To change the list of acceptable word-break characters, change
the value of $:. For example, to ensure that all
hyphenated words are in the same line of formatted output, define $:
as shown here:
$: = " \n";
Now only the space and newline characters are legal word-break
characters.
***Begin Caution***
Caution: Normally, the tab character is not a word break character. To allow lines to be broken on tabs, add the tab character to the list specified by the $: variable:
$: = " \t\n-";
The $$ system variable contains the process ID for the
Perl interpreter itself. This is also the process ID for your
program.
When you use the <> operator, the Perl
interpreter reads input from each file named on the command line.

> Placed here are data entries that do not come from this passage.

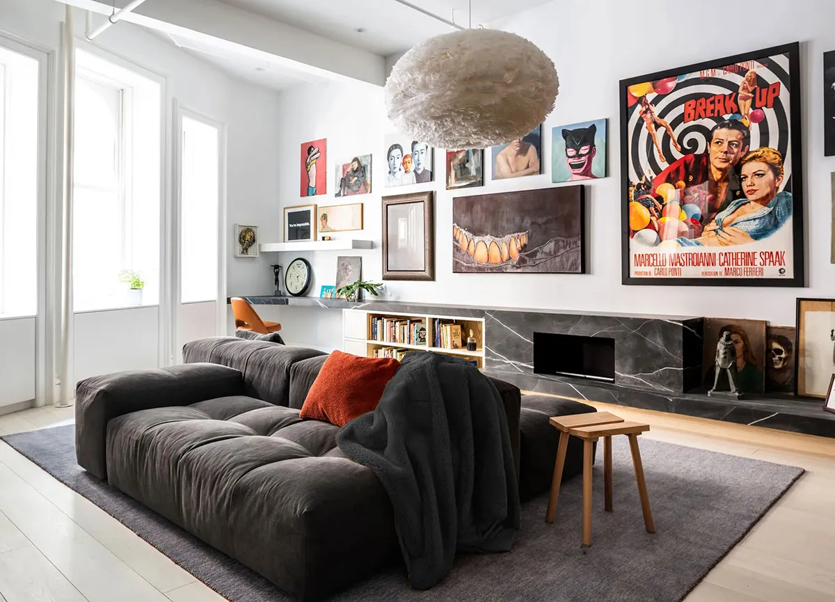 Loft lumineux avec des affiches colorées sur Broadway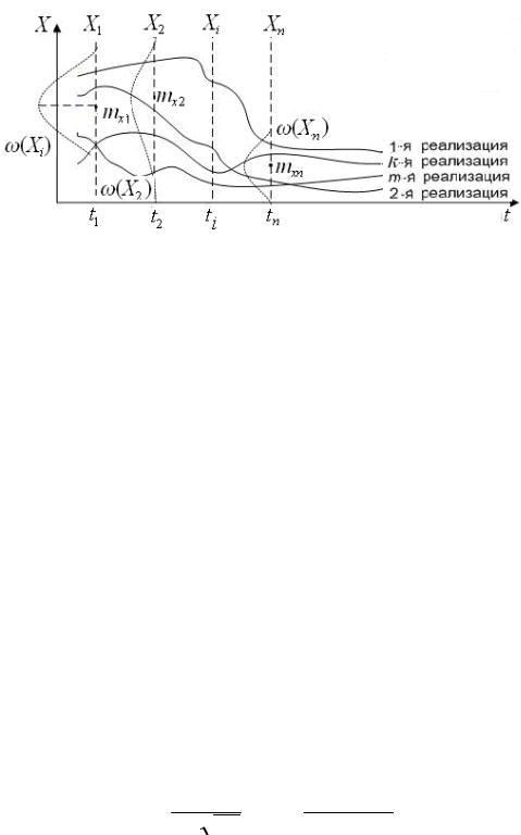 распределение вероятностей реализаций. При его построении принимается за основу базовое положение: при фиксированном значении аргумента значения функции есть набор значений случайной величины. При дискретизации аргумента СП через интервал t получим систему случайных величин. Каждая из этих величин Хi={xi1, xi2,…xik,…, xim} описывается плотностью распределения вероятностей ω(Хi), i=1,2,…,n (рис. 1.4). Если Х1, Х2,…,Xn независимы, дифференциальный закон распределения вероятностей СП определяется соотношением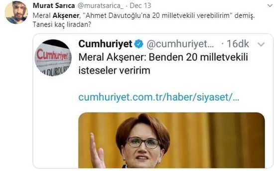 Akşener'in siyaset kanadında tepkiyle karşılanan ifadeleri sosyal medyanın da gündemindeydi. Sosyal medya kullanıcıları Meral Akşener'in "Benden 20 milletvekili isteseler veririm" açıklaması ile adeta dalga geçti. İşte sosyal medyadaki o yorumlar:
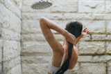 woman taking shower with long wet hair under rainfall showerhead in modern stone-walled bathroom, fresh and relaxing moment, natural light, casual underwear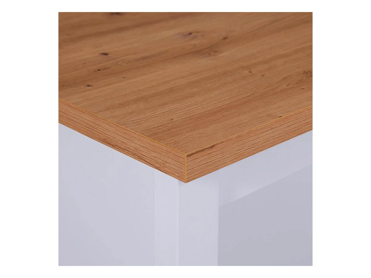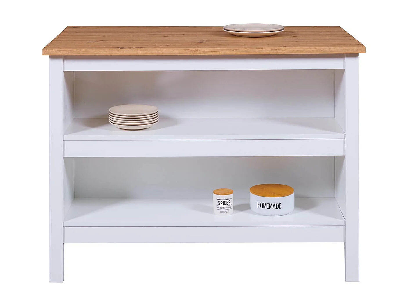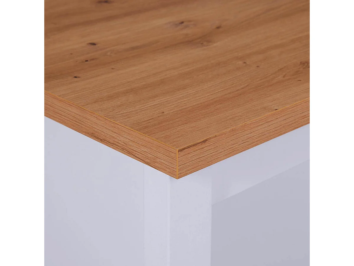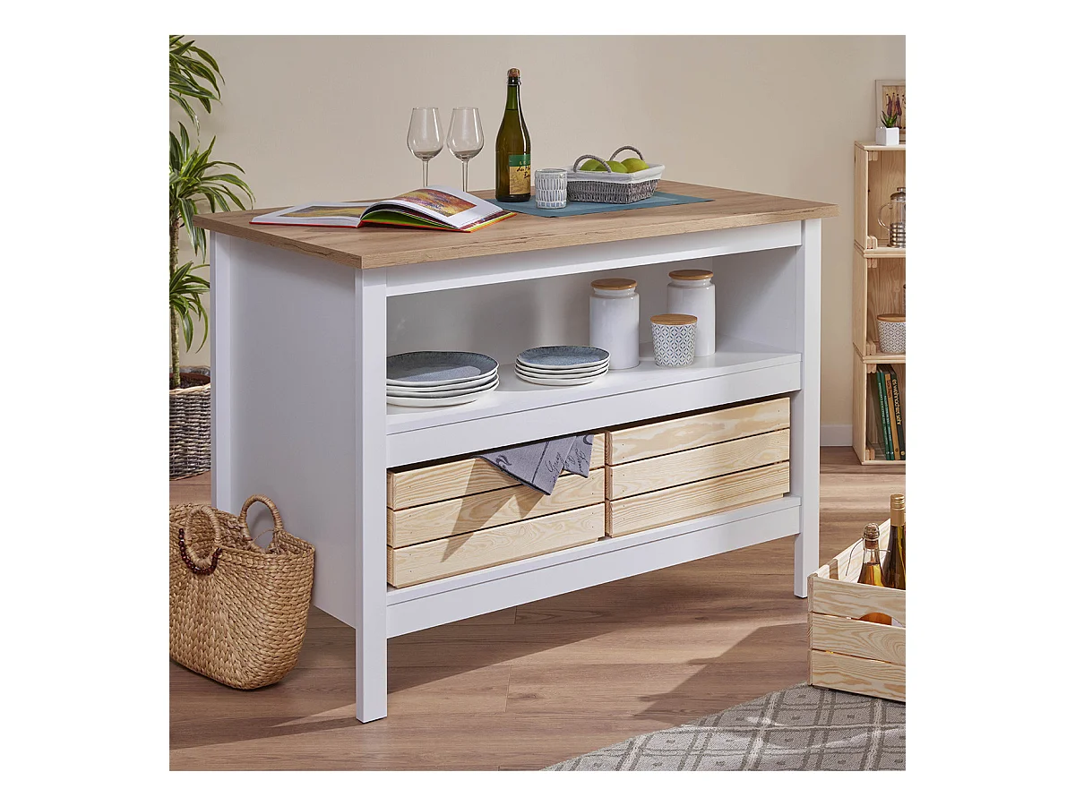 KENNY - Ilot de Cuisine Blanc et Plateau Effet Bois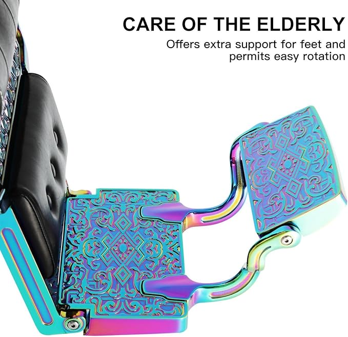 - Durable and Sturdy Construction: Equipped with heavy duty steel frame, this chair not only ensures a stable support for your customers but also provides a reliable use for long term. Chrome finished round hydraulic pump and base with classic style footrest can withstand 700 LBS, providing better stability and preventing unsteadiness from various movements. It is also designed with handrails that could free your hands and prevent you from falling down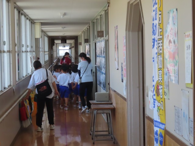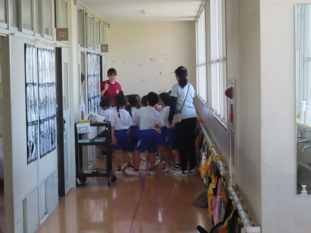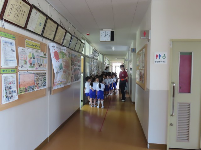 1年生が生活科で学校探検をしていました。今日は南校舎を探検し、3階の大きな子達の教室や1階の職員室を見学していました。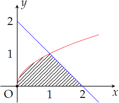 Tính thể tích khối tròn xoay được tạo bởi hình phẳng giới hạn bởi ba đường \(y=\sqrt{x}\), \(y=2-x\) và \(y=0\) quanh trục \(Ox\).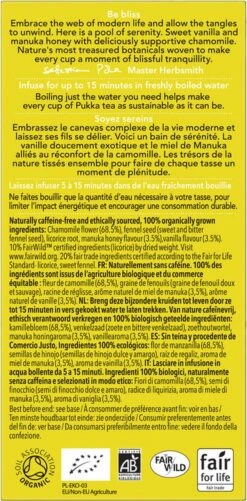 Pukka Chamomile Vanilla & Manuka Honey Thee is een heerlijk smaakvolle thee met kamille, vanille en manuka honing. Pukka thee is 100% biologisch en fairtrade. Eén verpakking bevat 20 theezakjes.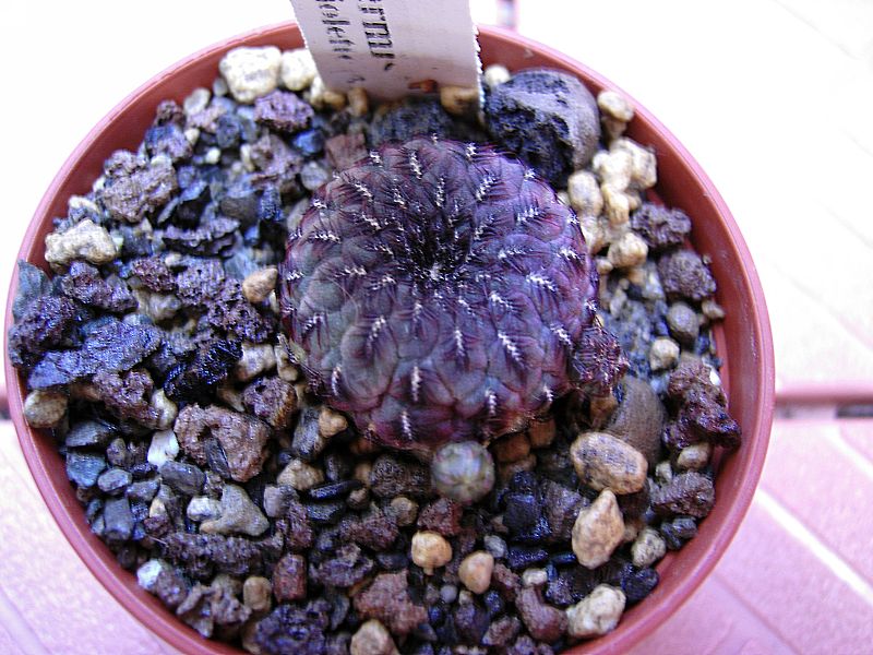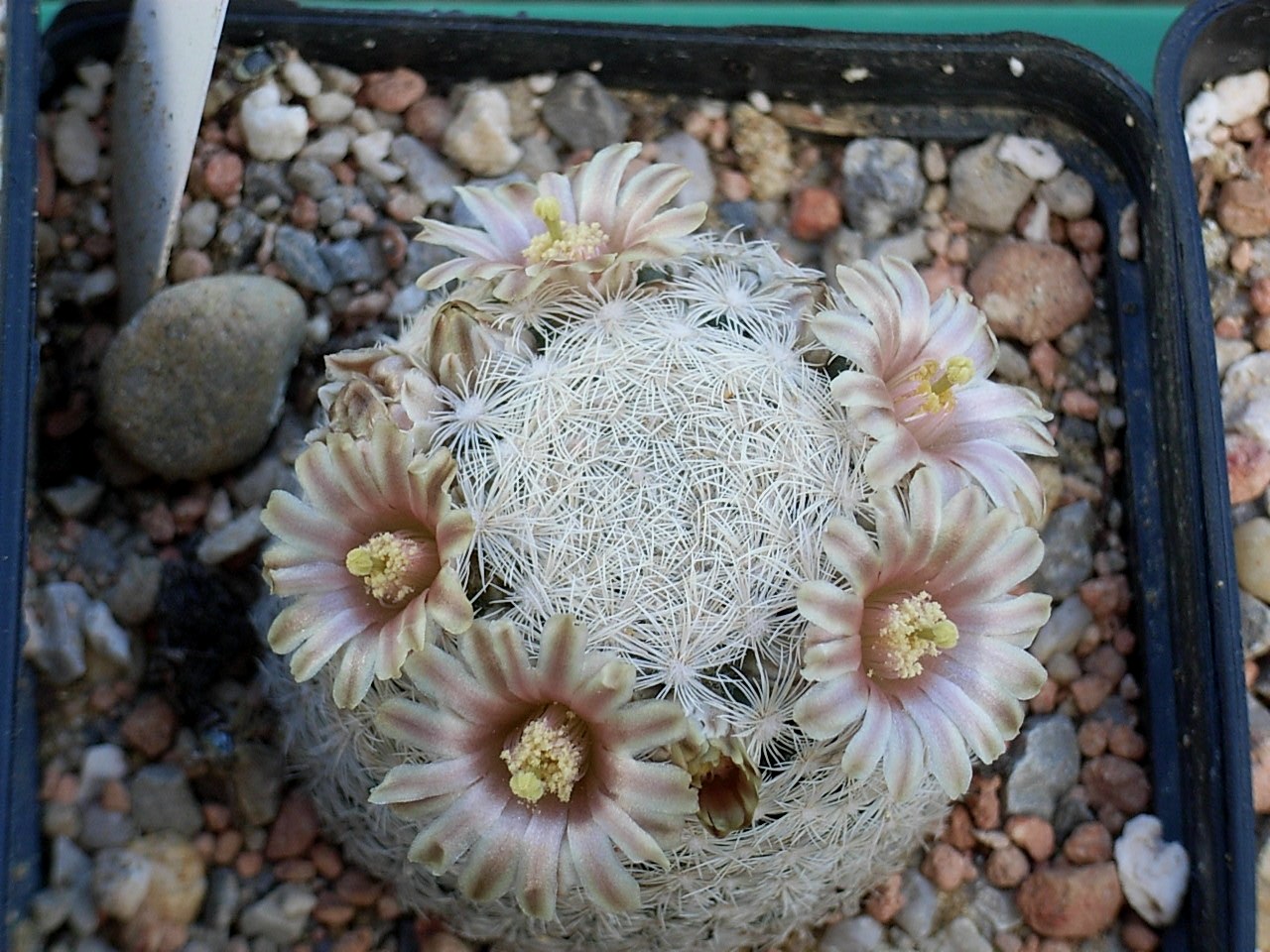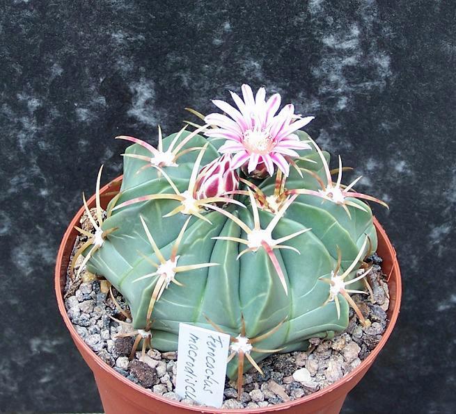 Ein heute aufgeblühter Ferocactus macrodiscus aus der Ausaat von 2000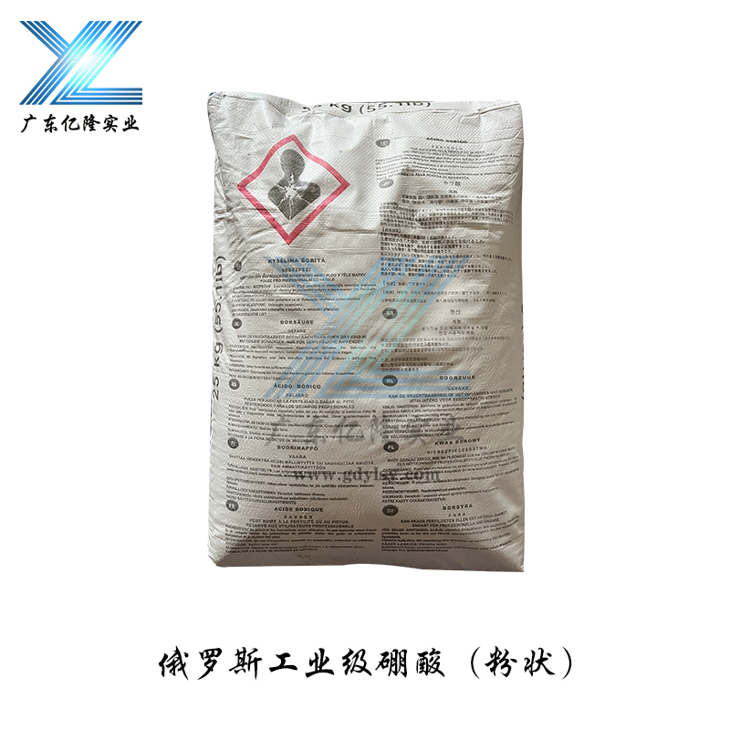 硼酸,为白色粉末状结晶或三斜轴面鳞片状光泽结晶,有滑腻手感,无臭味。溶于水、酒精、甘油、醚类及香精油中,水溶液呈弱酸性。大量用于玻璃(光学玻璃、耐酸玻璃、耐热玻璃、绝缘材料用玻璃纤维)工业,可以改善玻璃制品的耐热、透明性能,提高机械强度,缩短熔融时间。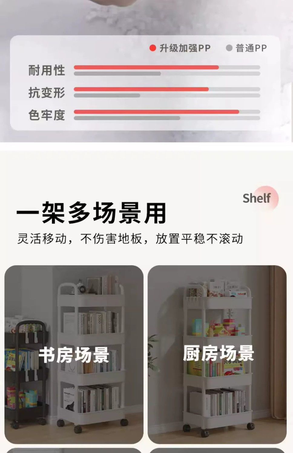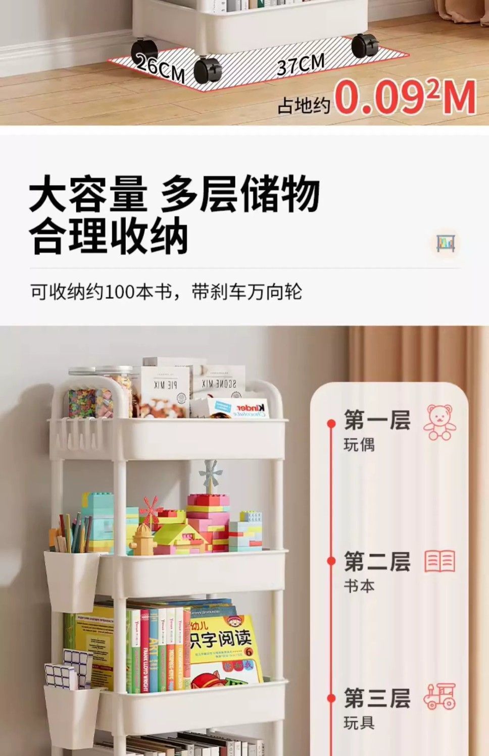[cloud white] -- three layers [free hooks + wheels + stickers]]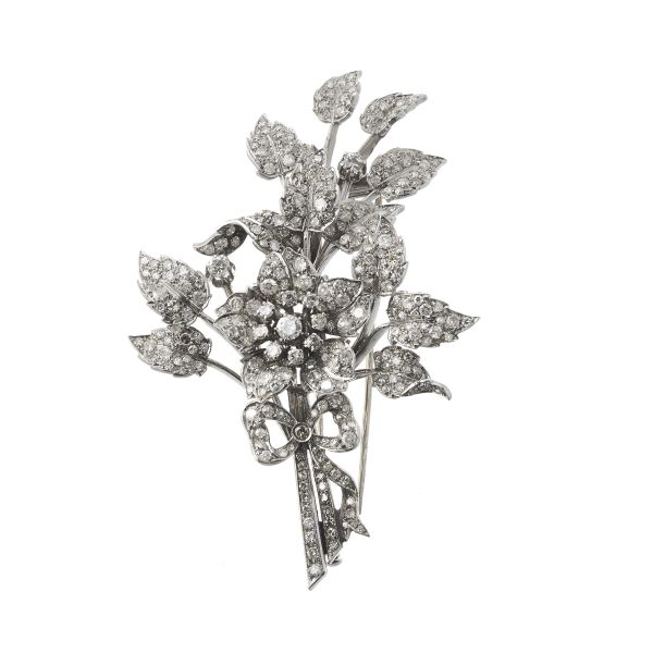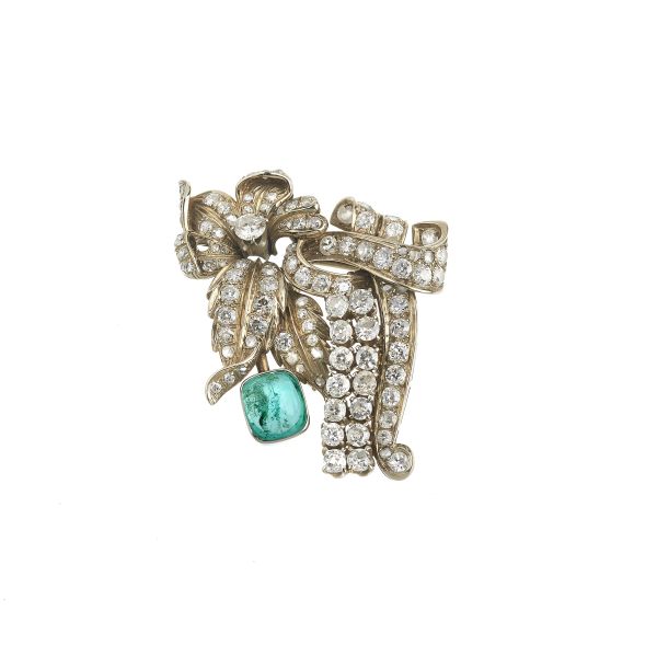 SPILLA A TRALCIO FIORITO CON SMERALDO E DIAMANTI

For example, suppose that you are executing the program myprog
as shown here:
$ myprog test1 test2 test3
In myprog, the first occurrence of the <>
operator reads from test1. Subsequent occurrences of <> continue
reading from test1 until it is exhausted; at this point, <>
reads from test2. This process continues until all the
input files have been read.
On Day 6, "Reading from and Writing to Files," you
learned that the @ARGV array lists the elements of the
command line and that the first element of @ARGV is
removed when the <> operator reads a line. (@ARGV
also is discussed later today.)
When the <> operator reads from a file for the
first time, it assigns the name of the file to the $ARGV
system variable. This enables you to keep track of what file is
currently being read. Listing 17.12 shows how you can use $ARGV.
Listing 17.12. A simple
file-searching program using $ARGV.
1: #!/usr/local/bin/perl
2:
3: print ("Enter the search pattern:\n");
4: $string = <STDIN>;
5: chop ($string);
6: while ($line = <>) {
7: if ($line =~ /$string/) {
8: print ("$ARGV:$line");
9: }
10: }
$ program17_12 file1 file2 file3
Enter the string to search:
the
file1:This line contains the word "the".
$
This program reads each line of the input files supplied on
the command line. If a line contains the pattern specified by $string, line
8 prints the name of the file and then the line itself. Note that
the pattern in $string can contain special pattern
characters.
***Begin Note***
Note: If <> is reading from the standard input file (which occurs when you have not specified any input files on the command line), $ARGV contains the string (a single hyphen).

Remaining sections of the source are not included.